The Use Of Dual Capillary Rheometer Techniques As An Aid To Determining Optimum Processing Conditions In Multilayer Extrusion

Multilayer co-extrusion of plastics is fast becoming a very cost effective method of improving the barrier properties of plastic products. In this process individual polymers are melted and conveyed by separate extrusion systems, into a common distribution block and through a forming die where the polymer melts merge to form an integral multilayer structure. However, these multilayer structures are proving difficult to extrude because of their widely different temperature profiles required during extrusion, and the fact that all the melts enter a common die which can only be maintained at one particular temperature.

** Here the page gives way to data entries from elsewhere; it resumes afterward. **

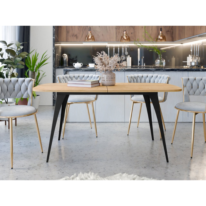 Moderní roztahovací stůl Prizino 160 cm je kus nábytku, který nebudete chtít přikrýt ubrusem. Působivý design zdobí jídelnu a rovněž krásně doplňuje kuchyňskou úpravu. Jednoduchost, kterou představuje, je rafinovaně narušena důmyslně propašovanými detaily. Lehká zaoblení na rozích desky podporují její design a nožičky zužující se směrem dolů jsou zodpovědné za jedinečný charakter nábytku.
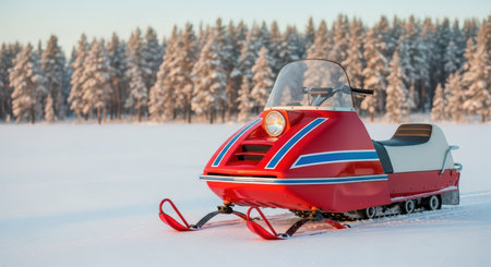 Vintage red snowmobile on snowy forest landscape during sunrise
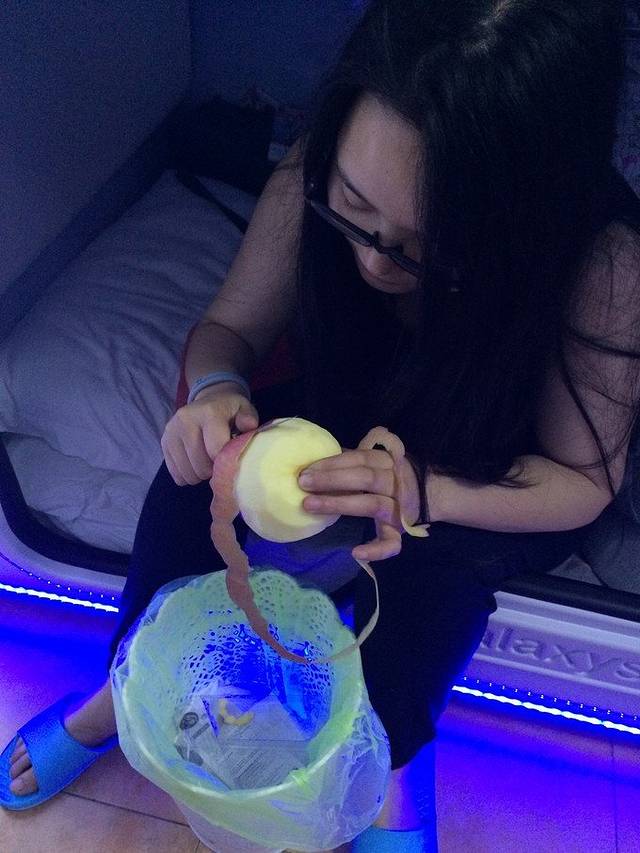 在小胶囊里醒来,听到淅淅沥沥的雨声,那就在小胶囊里打扑克吧,24岁的第一天,总要留点纪念的~太空舱门口有一面梵高星空的壁画,正和我意~

The melt rheological characteristics of a range of commercially available barrier materials, polyvinylidene fluoride (PVDF), a terpolymer of vinylidene fluoride, tetrafluoroethylene and hexafluoropropylene (THV), plasticised Nylons and tie layer materials have been studied using Dual Capillary Rheometric techniques. The relative change in shear viscosity with temperature, up to 270°C and shear rates up to 10^-5 sec^-1 have been investigated, for these materials, in order to determine optimum extrusion parameters during manufacture. The findings are confirmed by pilot plant tube extrusion trials using various multilayer structures and Arrhenius activation energies are also reported for the various polymers over a range of shear rates.